By measuring PR campaign effectiveness, you can use data-driven insights to create even better campaigns and show clients proof of your hard work and its results.

Today, we're going to show you how to measure public relations success — we’ll walk you through the processes, key PR success metrics, and take you step by step so you can become a pro at measuring PR success.

If you’re short on time and need to track the performance of your PR campaign — give Prowly a go. Take advantage of the 7-day trial and access media monitoring, the media database and PR reports — all in one! See if it’s a match for your needs.

How to measure PR campaign performance

Public relations is all about media and how your brand (or a client's brand) is represented in various media outlets. On websites, social media, television, in newspapers. The main issue is that keeping track of who mentions you, where, and how can get very tiring, very fast.

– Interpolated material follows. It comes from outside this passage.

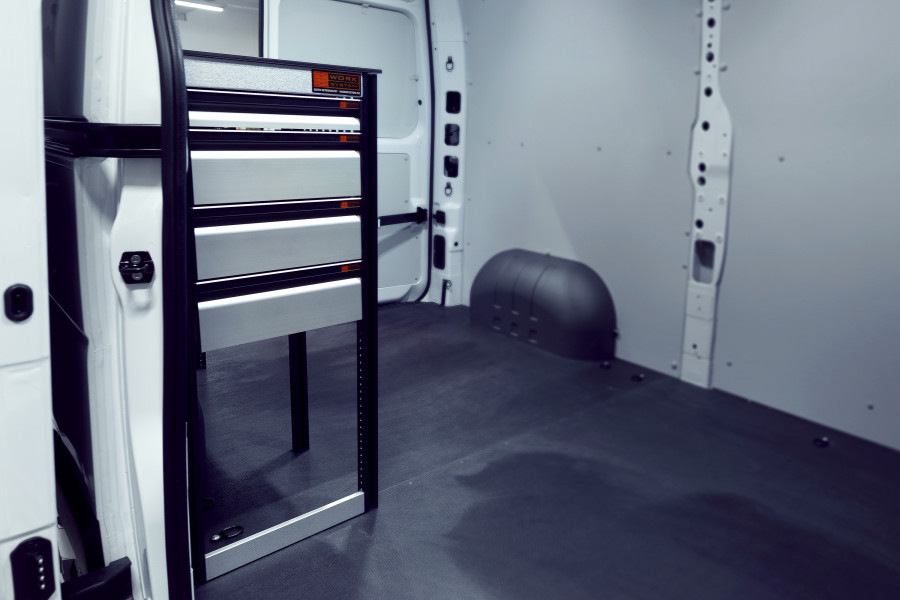 Si vous avez besoin d’un établi dans votre FORD TRANSIT L3H2, cet aménagement flexible qui combine étagères et tiroirs accessibles facilement depuis la porte latérale du véhicule est fait pour vous. L’établi en stratifié compact de 12 mm est très solide et résistant.

That is where media monitoring comes in. These tools are specifically made to track when someone mentions you across different platforms. With a media monitoring tool, you can find out:

All of this data helps you to measure public relations effectiveness and determine if you're going in the right direction or not.

How to measure campaign performance with Prowly

For example, Prowly's media monitoring tool lets you get started in mere minutes.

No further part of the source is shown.